_Required action:_ Omit all pictures. Quote only the lines from the one with "White Newborn Boy" through the end of the material below.

_Data provided:_
::::
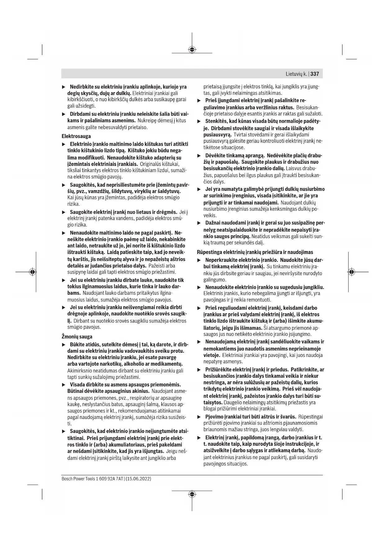Šlifuojant plonas skardas arba kitokias labai vibruojančias medžiagas su dideliu paviršiumi, triukšmo emisijos vertė gali padidėti 15dB. Tinkamais sunkiais izoliaciniais kilimėliais padidėjusią garso emisiją galima sumažinti. Atsižvelgti į didesnę triukšmo emisiją reikia tiek ver- tinant triukšmo galios riziką, tiek parenkant tinkamas klausos apsau- gos priemones. Šioje instrukcijoje pateiktas vibracijos lygis ir triukšmo emisi- ja buvo išmatuoti pagal standartizuotą matavimo metodą, ir juos galima naudoti elektriniams įrankiams palyginti. Jie taip pat skirti vibracijos ir triukšmo emisijai iš anksto įvertinti. Nurodytas vibracijos lygis ir triukšmo emisijos vertė atspindi pagrindinius elektrinio įrankio naudojimo atvejus. Tačiau jei- gu elektrinis įrankis naudojamas kitokiai paskirčiai, su kito- kiais darbo įrankiais arba jeigu jis nepakankamai techniškai prižiūrimas, vibracijos lygis ir triukšmo emisijos vertė gali ki- sti. Tokiu atveju vibracijos ir triukšmo emisija per visą darbo laikotarpį gali žymiai padidėti. Norint tiksliai įvertinti vibracijos ir triukšmo emisiją per tam tikrą darbo laiką, reikia atsižvelgti ir į laiką, per kurį elektrinis įrankis buvo išjungtas arba, nors ir veikė, bet nebuvo naudo- jamas. Tai įvertinus, vibracijos ir triukšmo emisija per visą darbo laiką žymiai sumažės. Dirbančiajam nuo vibracijos poveikio apsaugoti paskirkite papildomas apsaugos priemones, pvz.: elektrinių ir darbo įrankių techninę priežiūrą, rankų šildymą, darbo eigos orga- nizavimą. Apsauga nuo atatrankos užstrigus įrankiui Įvykus staigiai elektrinio įrankio atatrankai, pvz., užstrigus pjovimo diskui, elektroninis įtai- sas nutraukia srovės tiekimą į variklį. Norėdami įrankįpakartotinai įjungti, įjungi- mo-išjungimo jungiklį(8) nustatykite į išjungimo padėtį ir elektrinį įrankį vėl įjunkite. Inercinis stabdys Elektrinis įrankis yra su elektronine Bosch „Bra- ke“ sistema. Išjungus, šlifavimo įrankis sustab- domas per kelias sekundes. Palyginti su kampi- nio šlifavimo mašinomis be inercinio stabdžio, judėjimo iš inercijos laikas yra žymiai trumpes- nis, ir galima anksčiau padėti elektrinį įrankį. Švelnus paleidimas Elektroninis švelnaus paleidimo įtaisas riboja sukimo mome- ntą įjungimo metu ir užtikrina elektrinio įrankio paleidimą be trūkčiojimų. Nurodymas: jei elektrinis įrankis įjungtas iš karto pradeda veikti didžiausiu sūkių skaičiumi, vadinasi yra sugedęs švel- naus paleidimo įtaisas ir apsauga nuo pakartotinio įsijungi- mo. Elektrinį įrankį reikia nedelsiant išsiųsti į klientų aptarna- vimo skyrių; adresai nurodyti skyriuje „Klientų aptarnavimo tarnyba ir konsultavimo skyrius“. Apsauga nuo pakartotinio įsijungimo Jei dirbant nutraukiamas srovės tiekimas, apsauga nuo pa- kartotinio įjungimo neleidžia elektriniam įrankiui nekontro- liuotai įsijungti. Norėdami įrankį pakartotinai įjungti, įjungimo-išjungimo jungiklį (8) nustatykite į išjungimo padėtį ir elektrinį įrankį vėl įjunkite. Išjungimo įtaisas, suveikiantis sutrenkus įrankį Integruotas išjungimo įtaisas, suveikiantis sutrenkus įrankį, iškart išjungia elektrinį įrankį, jei jis nukrenta ant žemės. No- rėdami įrankįpakartotinai įjungti, įjungimo-išjungimo jungiklį(8) nustatykite į išjungimo padėtį ir elektrinį įrankį vėl įjunkite. Akumuliatorius Bosch akumuliatorinius elektrinius įrankius parduoda ir be akumuliatoriaus. Ar į jūsų elektrinio įrankio tiekiamą komp- lektą įeina akumuliatorius, galite pažiūrėti ant pakuotės. Akumuliatoriaus įkrovimas u Naudokite tik techninių duomenų skyriuje nurodytus kroviklius. Tik šie krovikliai yra priderinti prie Jūsų elekt- riniame prietaise naudojamo ličio jonų akumuliatoriaus. 1 609 92A 7AT | (15.06.2022) Bosch Power ToolsLietuvių k. | 343 Nuoroda: laikantis tarptautinių transportavimo teisės aktų, ličio jonų akumuliatoriai tiekiami dalinai įkrauti. Kad akumu- liatorius veiktų visa galia, prieš pirmąjį naudojimą akumulia- torių visiškai įkraukite. Akumuliatoriaus įdėjimas Įkrautą akumuliatorių stumkite į akumuliatoriaus laikiklį, kol pajusite, kad užsifiksavo. Akumuliatoriaus išėmimas Norėdami išimti akumuliatorių, paspauskite akumuliatoriaus atblokavimo klavišus ir išimkite akumuliatorių. Traukdami nenaudokite jėgos. Akumuliatoriuje yra 2fiksavimo pakopos, kurios saugo, kad netikėtai paspaudus akumuliatoriaus atblokavimo klavišą, akumuliatorius neiškristų. Į elektrinį prietaisą įstatytą akumu- liatorių tinkamoje padėtyje palaiko spyruoklė. Akumuliatoriaus įkrovos būklės indikatorius Žali akumuliatoriaus įkrovos būklės indikatoriairodo akumu- liatoriausįkrovos būklę. Dėl saugumo, įkrovos būklę galima pažiūrėti tik tada, kai elektrinis įrankis neveikia. Jei norite, kad būtų parodyta įkrovos būklė, paspauskite įkrovos būklės mygtuką arba . Tai galima ir tada, kai akumuliatorius yra išimtas. Jei paspaudus mygtuką nešviečia nei vienas šviesadiodis in- dikatorius, vadinasi akumuliatorius yra pažeistas ir jį reikia pakeisti. Akumuliatoriaus tipas GBA 18V... Šviesos diodas Talpa Šviečia nuolat 3xžali 60–100% Šviečia nuolat 2xžali 30–60% Šviečia nuolat 1xžalias 5–30% Mirksi 1xžalias 0–5% Akumuliatoriaus tipas ProCORE18V... Šviesos diodas Talpa Šviečia nuolat 5xžali 80–100% Šviečia nuolat 4xžali 60–80% Šviečia nuolat 3xžali 40–60% Šviečia nuolat 2xžali 20–40% Šviečia nuolat 1xžalias 5–20% Mirksi 1xžalias 0–5% Nuorodos, kaip optimaliai elgtis su akumuliatoriumi Saugokite akumuliatorių nuo drėgmės ir vandens. Akumuliatorių sandėliuokite tik nuo −20°C iki 50°C tem- peratūroje. Pvz., nepalikite akumuliatoriaus vasarą automo- bilyje. Akumuliatoriaus ventiliacines angas valykite minkštu, švariu ir sausu teptuku. Pastebimas įkrauto akumuliatoriaus
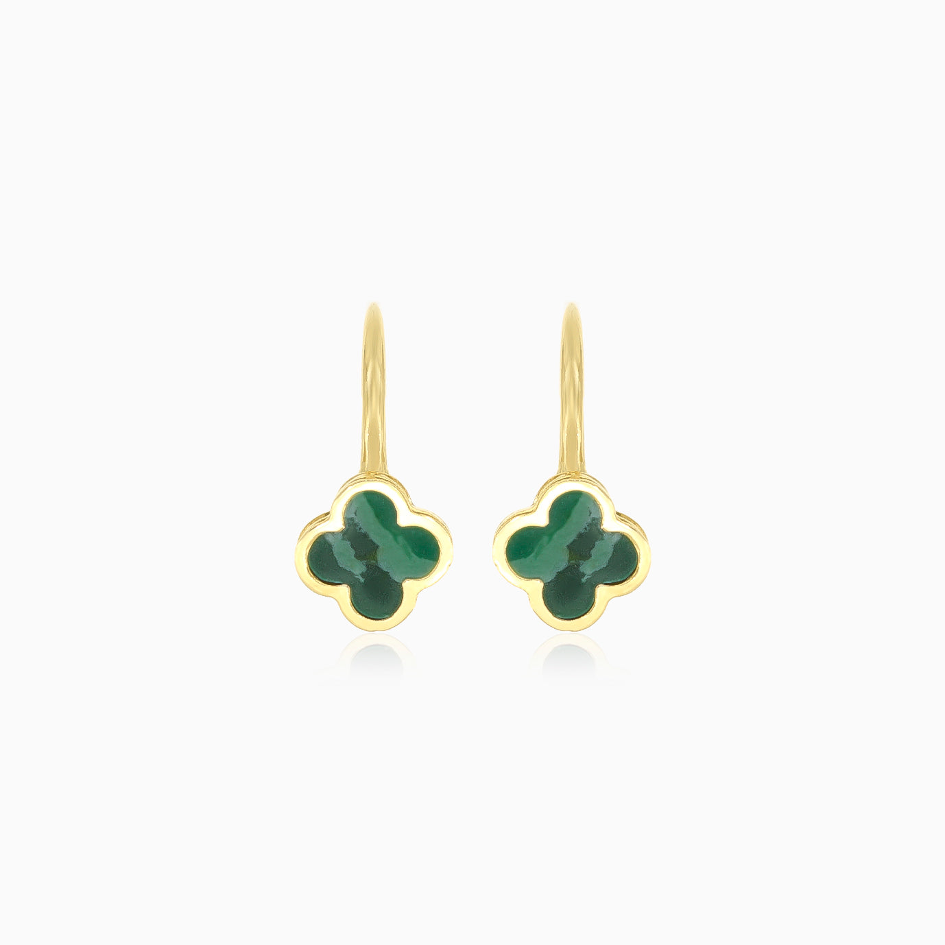 Vylepšete svůj styl těmito úžasnými visacími náušnicemi se zeleným achátem plochého brusu, zasazenými do 14kt žlutého zlata s rámečkem. Složitý design čtyřlístku dodá každému outfitu nádech elegance.Bezpečné a stylové zapínání na páčku.
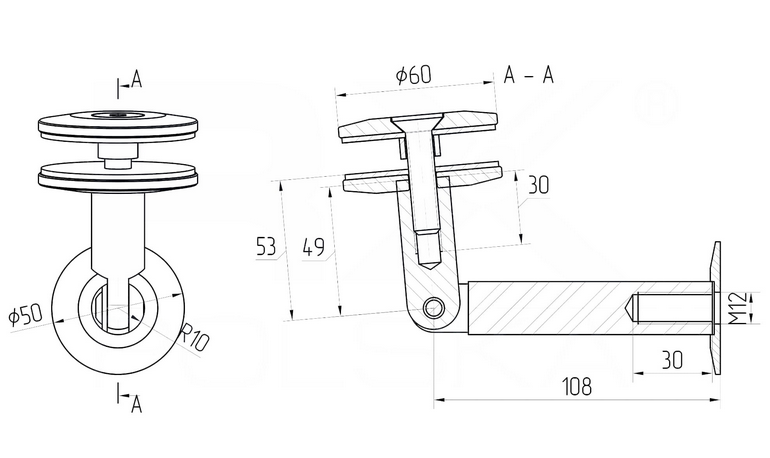 Mocowanie płyty szklanej z ścianą - dolne, el. daszka DS01
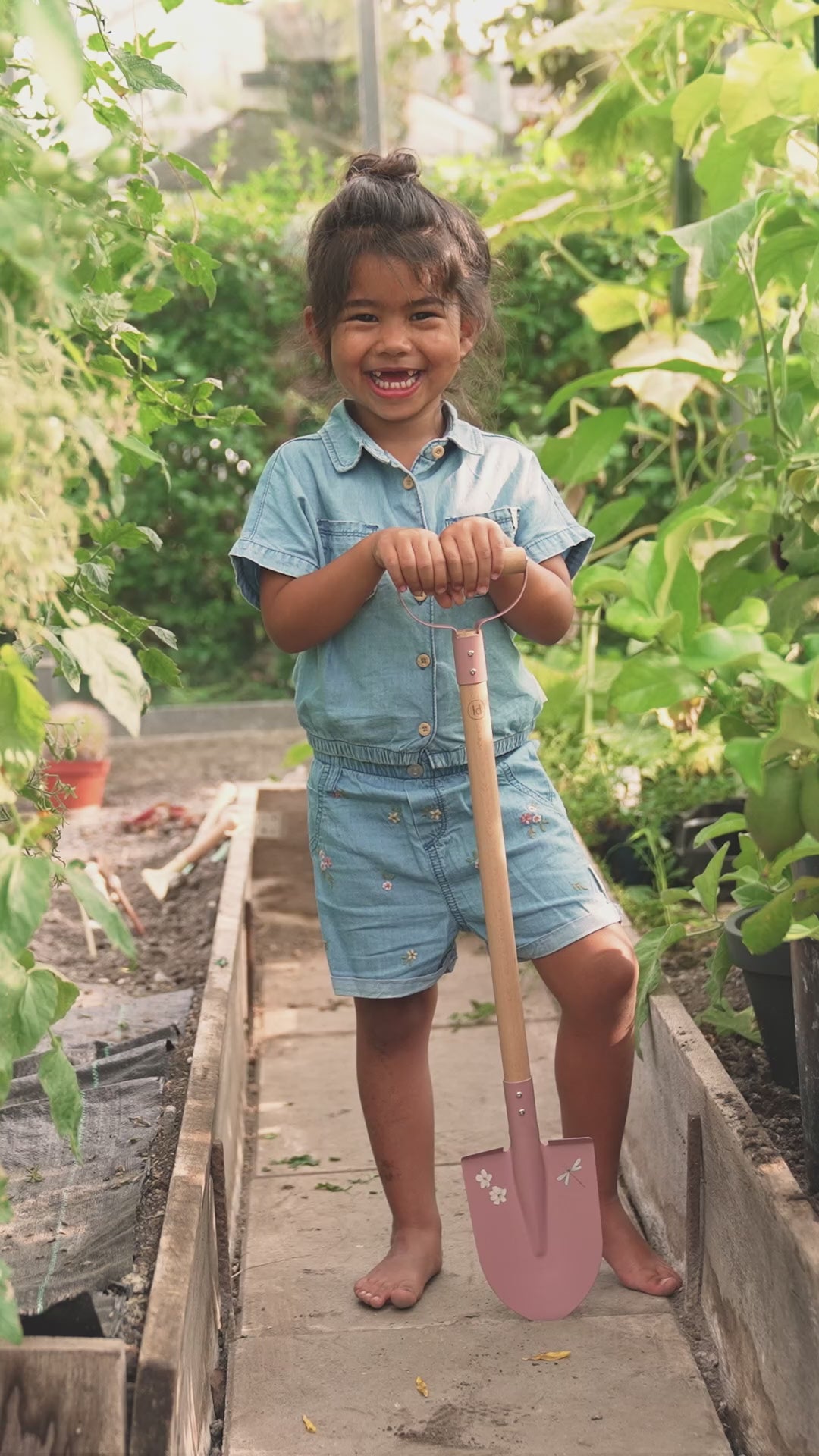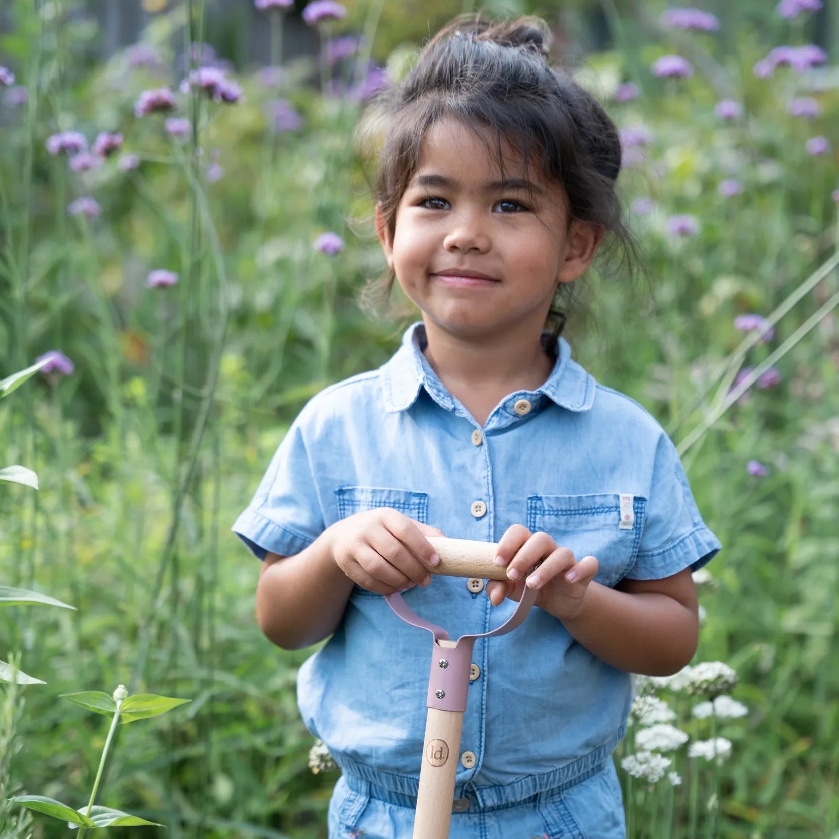 Discover the pink shovel from Little Dutch's children's garden collection! This shovel has a sturdy wooden handle and a metal blade, perfect for little hands. Decorated with beautiful illustrations of leaves and a cute beetle, inspired by the Fairy Garden collection. Whether working in the garden or playing in the sandbox, this shovel is always handy. The handle on top ensures a good grip, making scooping even easier. An indispensable tool for young explorers!
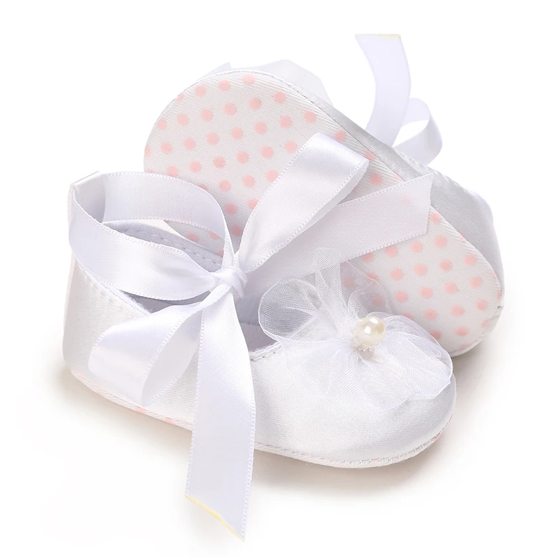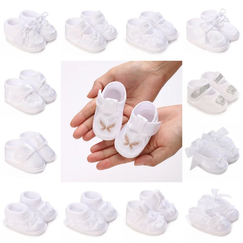 White Newborn Boy And Girl’s First Pair Of Dipping Shoes Soft Soled Walking Shoes Cute Cartoon Bow Multiple Styles -9CM/10CM
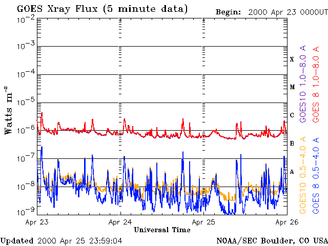 The operational data in the graph above has been modified to remove the scaling factor that has been applied by the Space Weather Prediction Center (SWPC). Because of the SWPC scaling factor in the operational data, flare indices for the operational data were reported as 42% smaller than for the science quality data. The scaling factor has also been removed from the solar flare list to reflect the true physical units.
::::
_Task response:_
 White Newborn Boy And Girl’s First Pair Of Dipping Shoes Soft Soled Walking Shoes Cute Cartoon Bow Multiple Styles -9CM/10CM
 The operational data in the graph above has been modified to remove the scaling factor that has been applied by the Space Weather Prediction Center (SWPC). Because of the SWPC scaling factor in the operational data, flare indices for the operational data were reported as 42% smaller than for the science quality data. The scaling factor has also been removed from the solar flare list to reflect the true physical units.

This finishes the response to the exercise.